Strong, Multifaceted Guanidinium-Based Adhesion of Bioorganic Nanoparticles to Wet Biological Tissue

Lam Tan Hao; Sohee Park; Seunghwan Choy; Young-Min Kim; Seung-Woo Lee; Yong Sik Ok; Jun Mo Koo; Sung Yeon Hwang; Dong Soo Hwang; Jeyoung Park; Dongyeop X Oh

doi:10.1021/jacsau.1c00193

Strong, Multifaceted Guanidinium-Based Adhesion of Bioorganic Nanoparticles to Wet Biological Tissue

JACS Au. 2021 Sep 8;1(9):1399-1411. doi: 10.1021/jacsau.1c00193. eCollection 2021 Sep 27.

Authors

Lam Tan Hao^{1

2}, Sohee Park³, Seunghwan Choy⁴, Young-Min Kim⁵, Seung-Woo Lee^{5

6}, Yong Sik Ok⁷, Jun Mo Koo¹, Sung Yeon Hwang^{1

2}, Dong Soo Hwang³, Jeyoung Park^{1

2}, Dongyeop X Oh^{1

2}

Affiliations

¹ Research Center for Bio-based Chemistry, Korea Research Institute of Chemical Technology (KRICT), Ulsan 44429, Republic of Korea.
² Advanced Materials and Chemical Engineering, University of Science and Technology (UST), Daejeon 34113, Republic of Korea.
³ Division of Environmental Science and Engineering, Pohang University of Science and Technology (POSTECH), Pohang 37673, Republic of Korea.
⁴ Biomedical Institute for Convergence, Sungkyunkwan University, Suwon 16419, Republic of Korea.
⁵ Division of Integrative Biosciences and Biotechnology, Pohang University of Science and Technology (POSTECH), Pohang 37673, Republic of Korea.
⁶ Department of Life Sciences, Pohang University of Science and Technology (POSTECH), Pohang 37673, Republic of Korea.
⁷ Korea Biochar Research Center, APRU Sustainable Waste Management Program, Division of Environmental Science and Ecological Engineering, Korea University, Seoul 02841, Republic of Korea.

Abstract

Gluing dynamic, wet biological tissue is important in injury treatment yet difficult to achieve.
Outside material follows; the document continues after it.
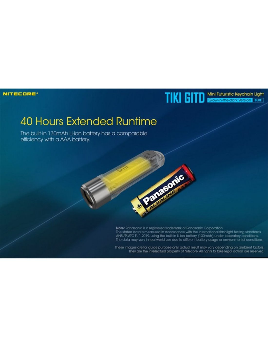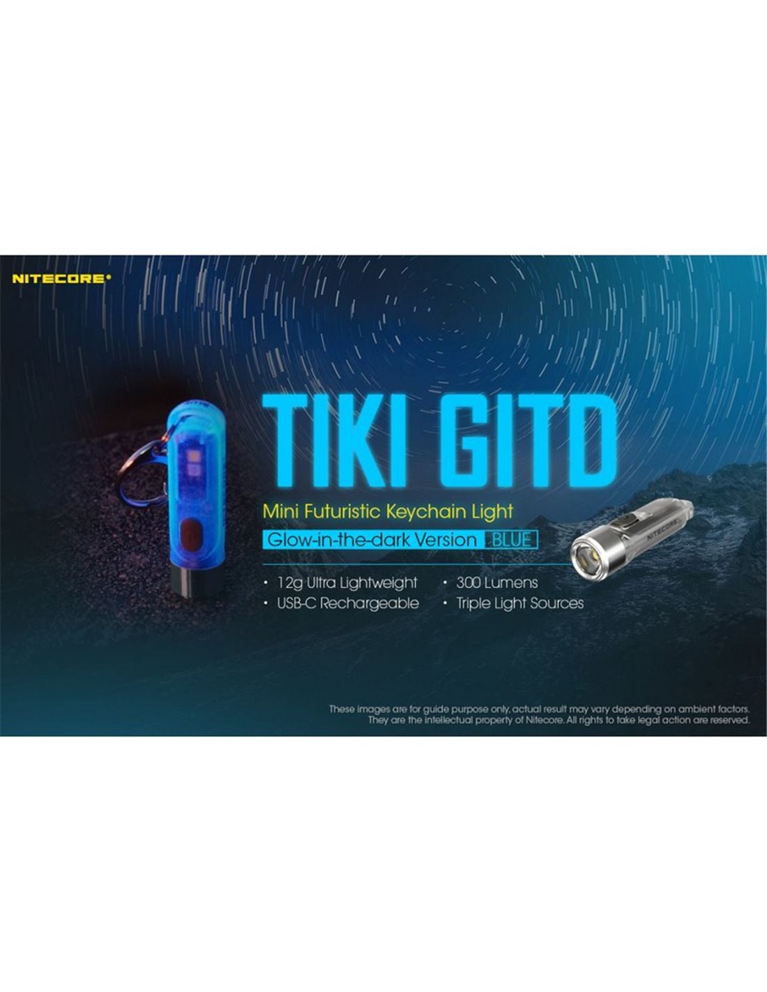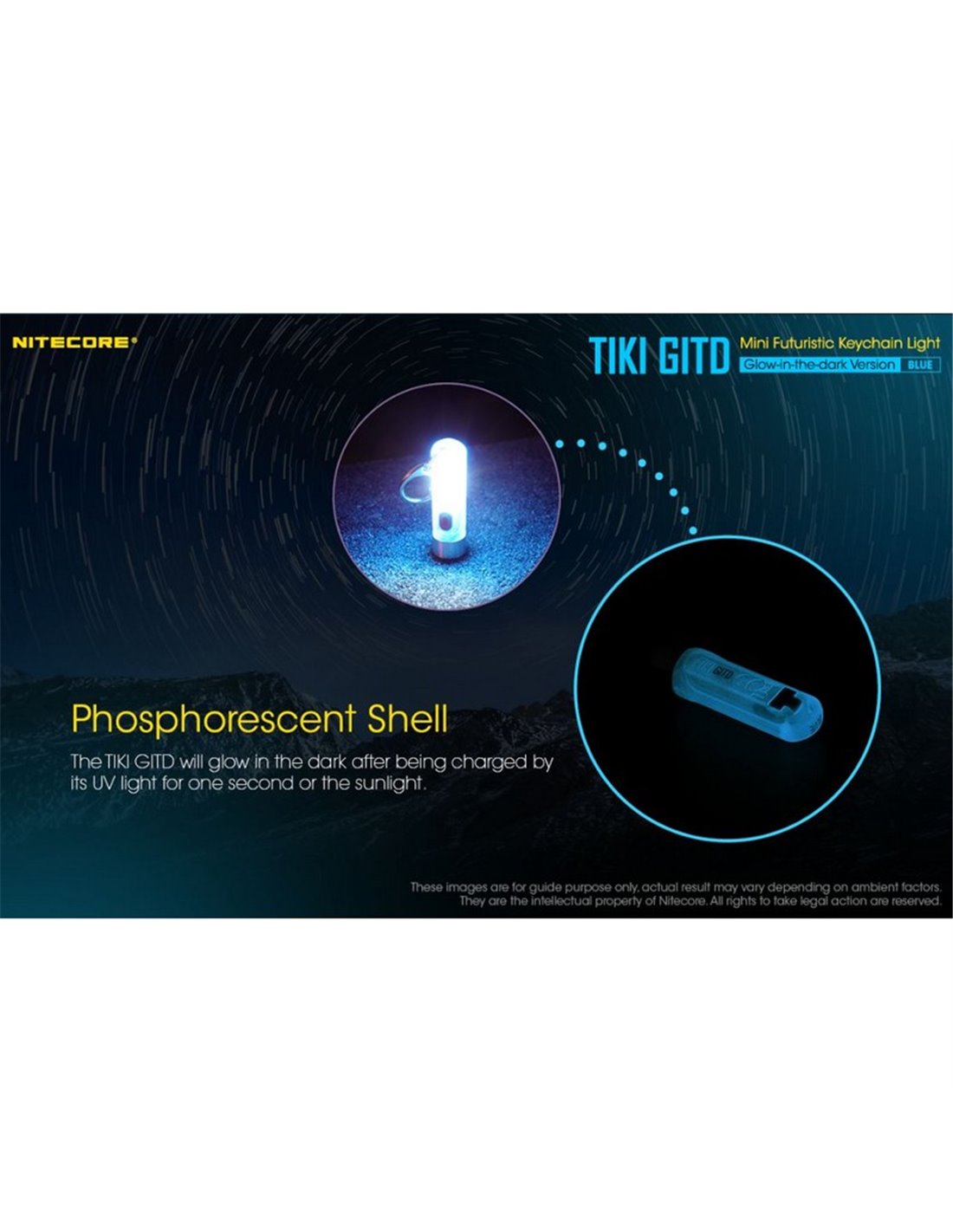 A Nitecore TIKI GITD BLUE é uma lanterna tipo chaveiro ultraleve e recarregável que se destaca pelo seu original efeito luminescente azul , visível no escuro após exposição à luz. Com 300 lúmens de potência e 71 metros de alcance , é perfeito para uso diário, EDC, atividades ao ar livre ou emergências .
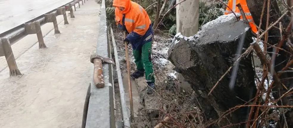 Бригады «Севавтодора» расчищают ливневую и лотки с водоприемниками от листвы и грунта

Polymeric adhesives are inconvenient to handle due to rapid cross-linking and can raise biocompatibility concerns. Inorganic nanoparticles adhere weakly to wet surfaces. Herein, an aqueous suspension of guanidinium-functionalized chitin nanoparticles as a biomedical adhesive with biocompatible, hemostatic, and antibacterial properties is developed. It glues porcine skin up to 3000-fold more strongly (30 kPa) than inorganic nanoparticles at the same concentration and adheres at neutral pH, which is unachievable with mussel-inspired adhesives alone. The glue exhibits an instant adhesion (2 min) to fully wet surfaces, and the glued assembly endures one-week underwater immersion. The suspension is lowly viscous and stable, hence sprayable and convenient to store. A nanomechanic study reveals that guanidinium moieties are chaotropic, creating strong, multifaceted noncovalent bonds with proteins: salt bridges comprising ionic attraction and bidentate hydrogen bonding with acidic moieties, cation-π interactions with aromatic moieties, and hydrophobic interactions. The adhesion mechanism provides a blueprint for advanced tissue adhesives.